**Instructions for the task**
Each line of the material must be repeated precisely, with the pictures left out.

**Records supplied**
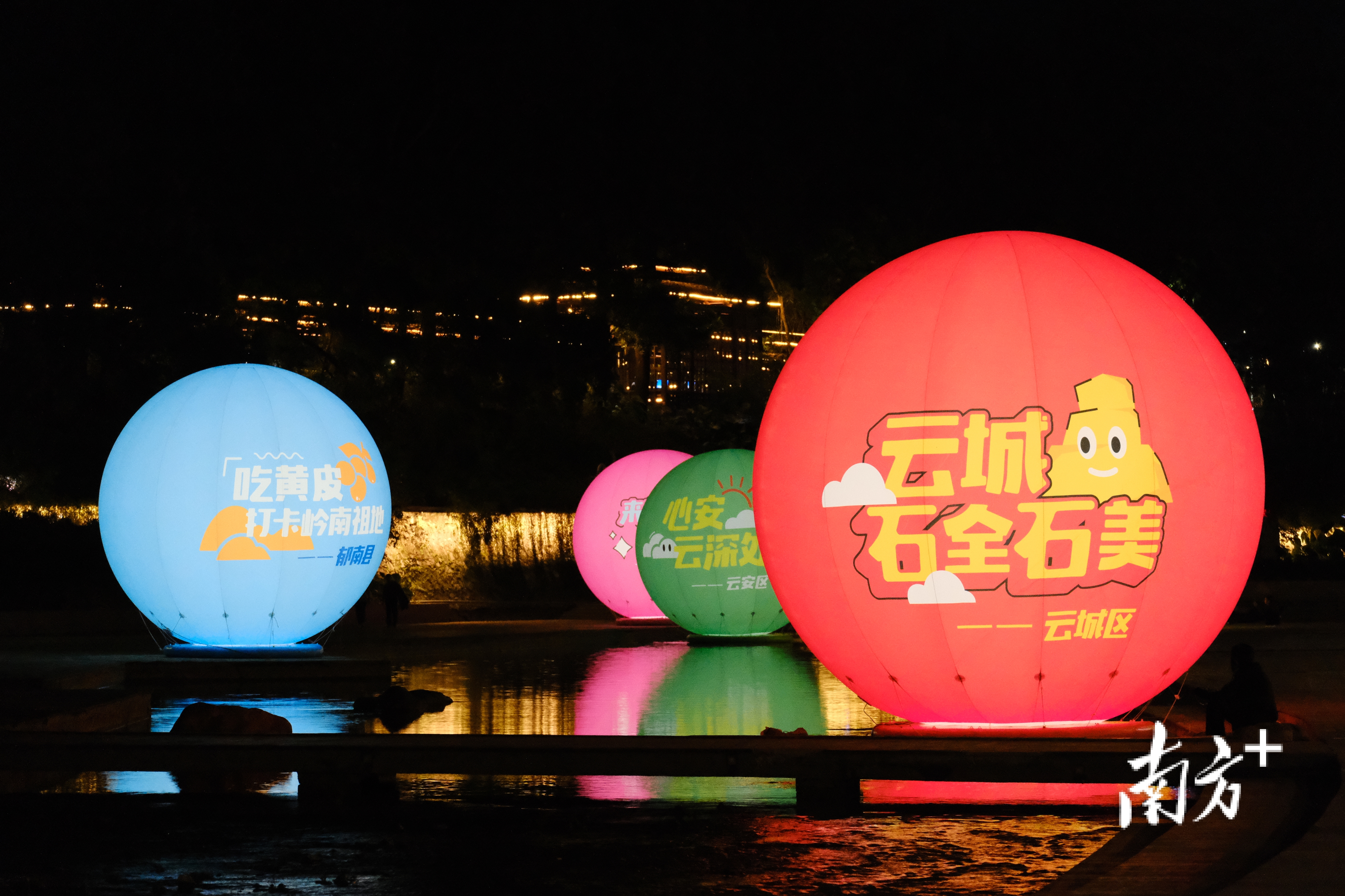 蟠龙天湖的山水光影展,吸引线上线下近50万流量;市体育公园内,“十五运之光”划破夜空,《石乡曲韵》雕塑被灯光映照,云浮特色展位人气高涨,巨型吉祥物成了合照打卡的焦点;吾悦广场、东街等商圈同步展示宣传海报;主干道灯带流光溢彩,中国结灯饰在车流中分外耀眼;南山河亲水平台的小品装置精巧别致,为夜色增添了温度与诗意。
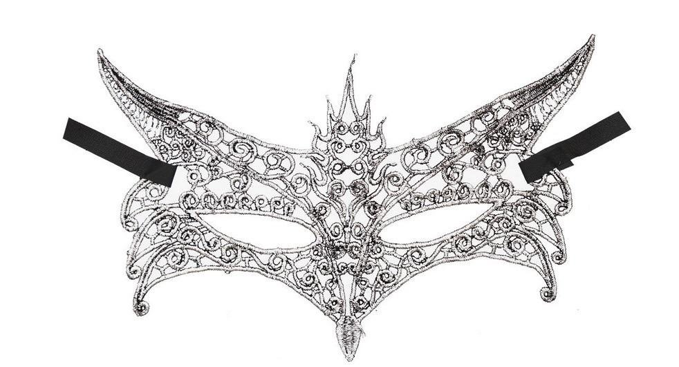 Koronkowa maska wenecka z czarną aksamitną wstążką. Dopasowany profil maski sprawia, że nie przeszkadza podczas zabawy. Eleganckie i efektowne uzupełnienie stroju. Rozmiar: 27 cm. Kolor: srebrny przeczytaj całość
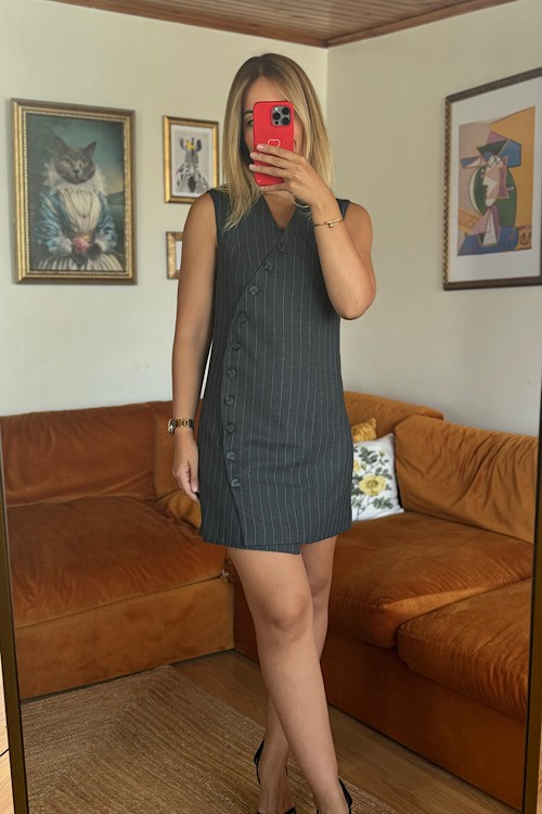 Gri çizgili asimetrik düğmeli elbise.
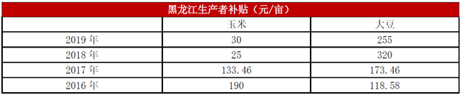 表1:黑龙江玉米、大豆生产者补贴
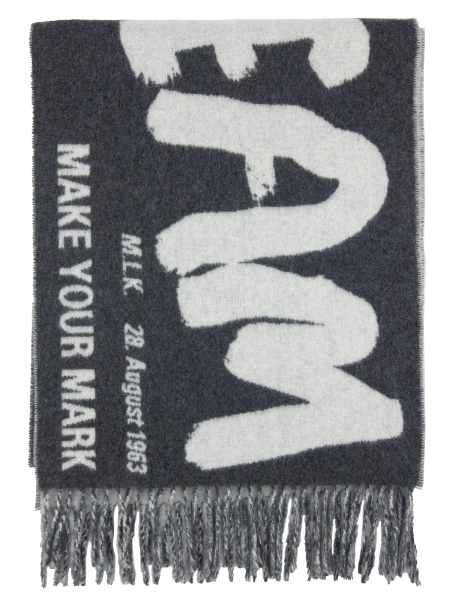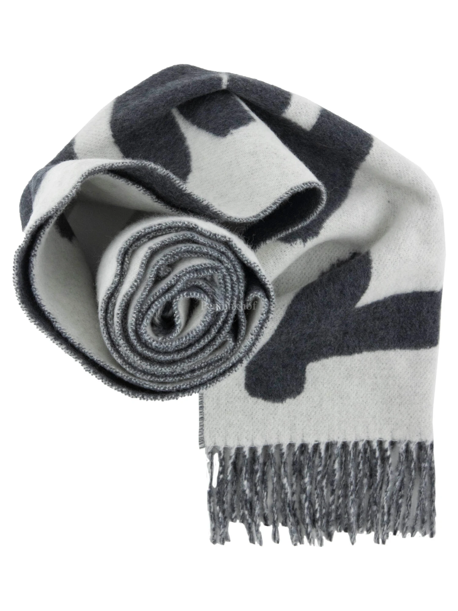 Een shawl van Annette Görtz met een text print in de kleuren donkergrijs en roomwit. Aan de uiteinden van de shawl zijn lange franjes. Deze shawl mag niet worden gewassen.

**Solved exercise**
 蟠龙天湖的山水光影展,吸引线上线下近50万流量;市体育公园内,“十五运之光”划破夜空,《石乡曲韵》雕塑被灯光映照,云浮特色展位人气高涨,巨型吉祥物成了合照打卡的焦点;吾悦广场、东街等商圈同步展示宣传海报;主干道灯带流光溢彩,中国结灯饰在车流中分外耀眼;南山河亲水平台的小品装置精巧别致,为夜色增添了温度与诗意。
 Koronkowa maska wenecka z czarną aksamitną wstążką. Dopasowany profil maski sprawia, że nie przeszkadza podczas zabawy. Eleganckie i efektowne uzupełnienie stroju. Rozmiar: 27 cm. Kolor: srebrny przeczytaj całość
 Gri çizgili asimetrik düğmeli elbise.
 表1:黑龙江玉米、大豆生产者补贴
 Een shawl van Annette Görtz met een text print in de kleuren donkergrijs en roomwit. Aan de uiteinden van de shawl zijn lange franjes. Deze shawl mag niet worden gewassen.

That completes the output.